SSD训练自己的数据集(Pytorch),超详细版!!!!
近期开始学习SSD算法啦,从拿到代码的茫然到最后可以跑通自己的代码(本人基础薄弱),已经非常非常开心喽~这篇文章主要介绍一下我的修改过程,以及我训练过程中遇到的问题,可以给大家避避坑,也方便我以后自己使用。那接下来就开始吧~另,在训练中参考的文章标明出处,如有侵权,请联系我删除:【数据集制作】VOC2007格式数据集制作和处理教程(Faster-RCNN模型标准输入)_AI小杨的博客-CSDN博客
近期开始学习SSD算法啦,从拿到代码的茫然到最后可以跑通自己的代码(本人基础薄弱),已经非常非常开心喽~这篇文章主要介绍一下我的修改过程,以及我训练过程中遇到的问题,可以给大家避避坑,也方便我以后自己使用。那接下来就开始吧~
另,在训练中参考的文章标明出处,如有侵权,请联系我删除:
【数据集制作】VOC2007格式数据集制作和处理教程(Faster-RCNN模型标准输入)_AI小杨的博客-CSDN博客
SSD pytorch训练自己的数据集(windows+colab) | 码农家园
SSD的pytorch实现训练中遇到的问题总结_userwarning: volatile was removed and now has no e-CSDN博客
1.数据集制作
这里介绍的是数据集从0到1的过程,如果你已经准备好了数据集,那就跳过这一部分吧~
1.1创建文件夹
在这里我用的是VOC2007格式的数据集,在开始制作数据集之前,需要在SSD工作目录里创建如下几个文件夹:
其中,Datacluster Fire and Smoke Sample是我所用的数据集名称(不用和我一致)

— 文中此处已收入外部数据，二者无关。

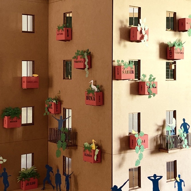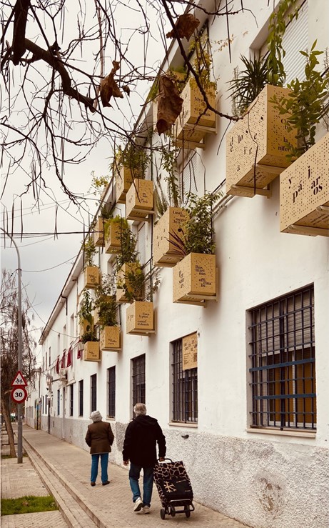 - Un “Jardín vertical” situado en la fachada del edificio de la calle Candelilla 6, sede social de la AES Candelaria, que reutiliza el agua de los aires acondicionados para cultivar especies aromáticas refrescando el ambiente por evapotranspiración. Una estrategia orientada a crear un paisaje exterior más fresco, diverso y habitable. No solo para los usuarios y residentes, sino también para otros vecinos y otras especies del barrio. Después de todo, como sostenía Louis I. Kahn, “la calle es una habitación por consenso. Una habitación comunitaria cuyas paredes aportan los que allí viven, entregadas a la ciudad para su uso colectivo”.

- Annotations:图片的标签文件,为xml文件
- JPEGImages:存放原图
- ImageSets:
- Main:
- test.txt:测试集
- train.txt:训练集
- trainval.txt:训练集和验证集
- val.txt:验证集
- Main:
1.2原图数据重命名
创建好相应的文件夹后,将原图放入JPEGImages文件夹中,由于获取的数据集名称杂乱,可以对原图数据进行重命名,脚本文件如下
import os
path = r"C:\Users\xxx\Desktop\VOC2007\JPEGImages"#JPEGImages文件夹所在路径
filelist = os.listdir(path) #该文件夹下所有的文件(包括文件夹)
count=0
for file in filelist:
print(file)
for file in filelist: #遍历所有文件
Olddir=os.path.join(path,file) #原来的文件路径
if os.path.isdir(Olddir): #如果是文件夹则跳过
continue
filename=os.path.splitext(file)[0] #文件名
filetype='.jpg' #文件扩展名
Newdir=os.path.join(path,str(count).zfill(6)+filetype) #用字符串函数zfill 以0补全所需位数
os.rename(Olddir,Newdir)#重命名
count+=1
1.3图像标注
数据集标注工具有很多,这里采用的与原文一致的标注工具:LabelImage,网站上有许多安装教程及使用方法,这里不再赘述,主要介绍几个可以简化操作的方法
- 默认保存地址:快捷键选择默认保存文件夹,使用快捷键Ctrl+r键,选择默认保存的文件夹为Annotation,这样就不用每次都选择文件夹保存了
- 设置默认标签值:如果标注的只有一个标签值,可以设置默认标签值,在标注工具的右上角
- 快捷键: w键选择标注,Ctrl+s键保存,a,d键可以快速切换上、下两张图片
1.4数据集划分
标注完之后,需要对Annotation中的文件进行数据集的划分,将其按照比例划分为训练集、测试集、验证集
import os
import random
trainval_percent = 0.9#验证集和训练集占的百分比
train_percent = 0.7#训练集占的百分比
xmlfilepath = r'C:\Users\xxx\Desktop\VOC2007\Annotations'#Annotation文件夹所在位置
txtsavepath = r'C:\Users\xxx\Desktop\VOC2007\ImageSets\Main'#ImageSets文件下的Main文件夹所在位置
total_xml = os.listdir(xmlfilepath)
num = len(total_xml)
list = range(num)
tv = int(num * trainval_percent)
tr = int(tv * train_percent)
trainval = random.sample(list, tv)
train = random.sample(trainval, tr)
#Main文件夹下所对应的四个txt文件夹路径
ftrainval = open(r'C:\Users\xxx\Desktop\VOC2007\ImageSets\Main\trainval.txt', 'w')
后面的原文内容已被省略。